The Trust Index: Time for a Bounce-Back


I have to tip my hat to Edelman and the firm’s annual “Trust Barometer.”  For 11 years, it’s been a foundational piece of thought leadership for the PR profession (frankly, I wish I had thought of it) and they do such a nice job with communicating the results, both positive and negative.

At the FCS breakfast last week, Edelman US CEO Matt Harrington presented the findings as they pertained to financial institutions, and invited comments from panelists from MetLife and Morgan Stanley.  This is the second year that Edelman has broken out the findings for financial institutions from the larger, mother study – another smart move.

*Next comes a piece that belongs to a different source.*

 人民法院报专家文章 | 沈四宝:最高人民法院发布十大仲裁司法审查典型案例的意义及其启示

While no one is surprised that the trust numbers dropped to seriously dangerous levels in 2008, and then bounced up a bit in 2009, I know I was surprised to overall trust scores in the US to drop for institutions across the board.  And with financial services companies, roughly half of individual investors reported less trust in financial institutions compared to 2009.  Perhaps I should not be surprised, given the news: investment banking bonuses back where they were at pre-crash levels, scandals emerging around insider trading and astonishing practices around foreclosure initiation paperwork.  It’s not a pretty sight.

Only two categories of financial institution bounce up above the average:  community/regional banks, and mutual fund companies.  In my opinion, that’s based on two important attributes:  familiarity and transparency.  Community bankers are the names and faces behind the loans that build up communities and finance small business growth.  And mutual funds are the reasonably transparent companies in which we invest our 401(k)s.

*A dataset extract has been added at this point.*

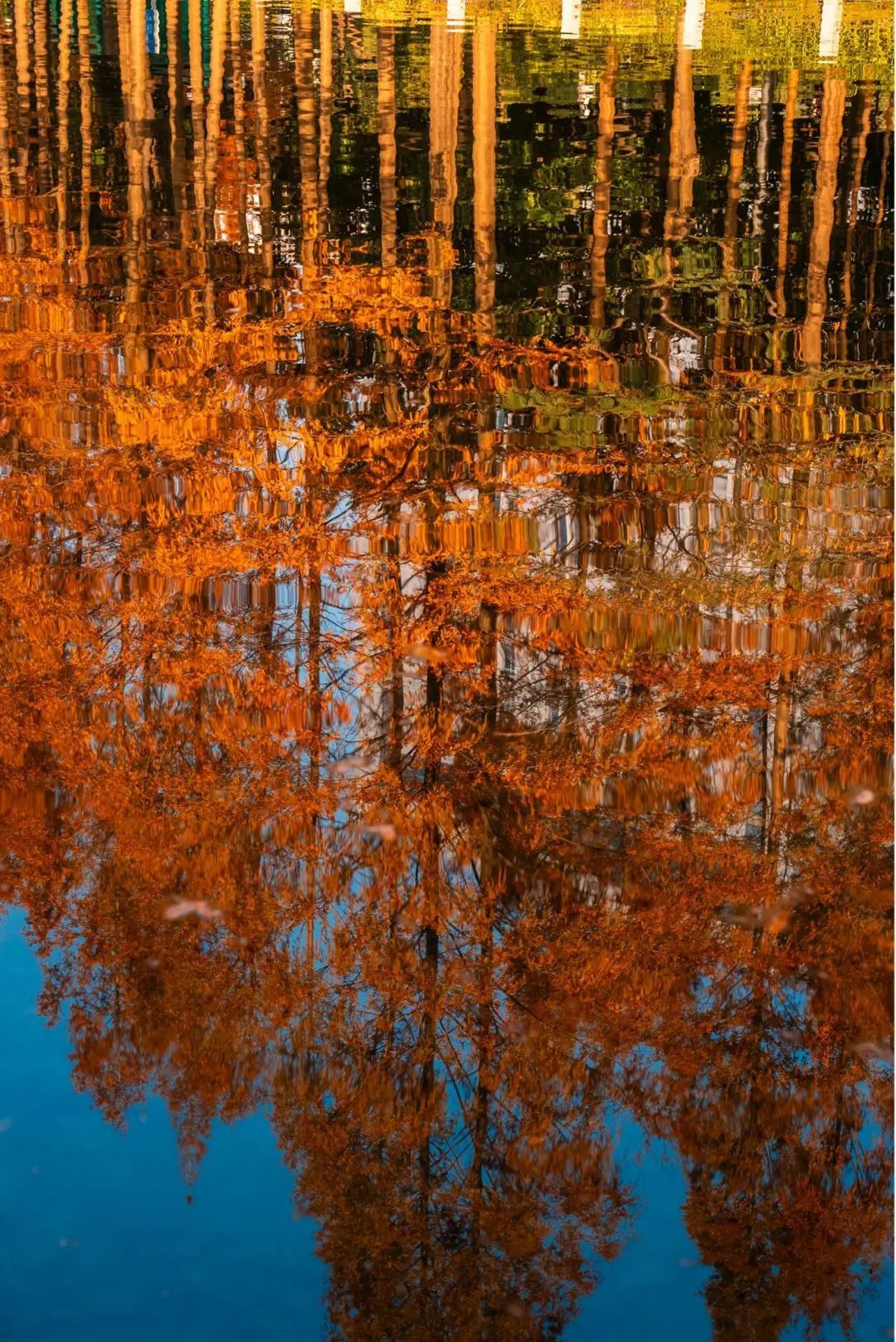 红叶与水中的倒影交错

At the end of the day, financial services is about money, trust, and contracts.  The industry is suffering from a deficit in the one of its core competencies: the trust part.  Edelman comes to several important conclusions in its study.  The one that speaks most loudly to me is that transparency and honest communications drive corporate reputation.   The more our financial institutions can keep these two pillars in mind as they go to market, the more of a “virtuous cycle” they will inspire.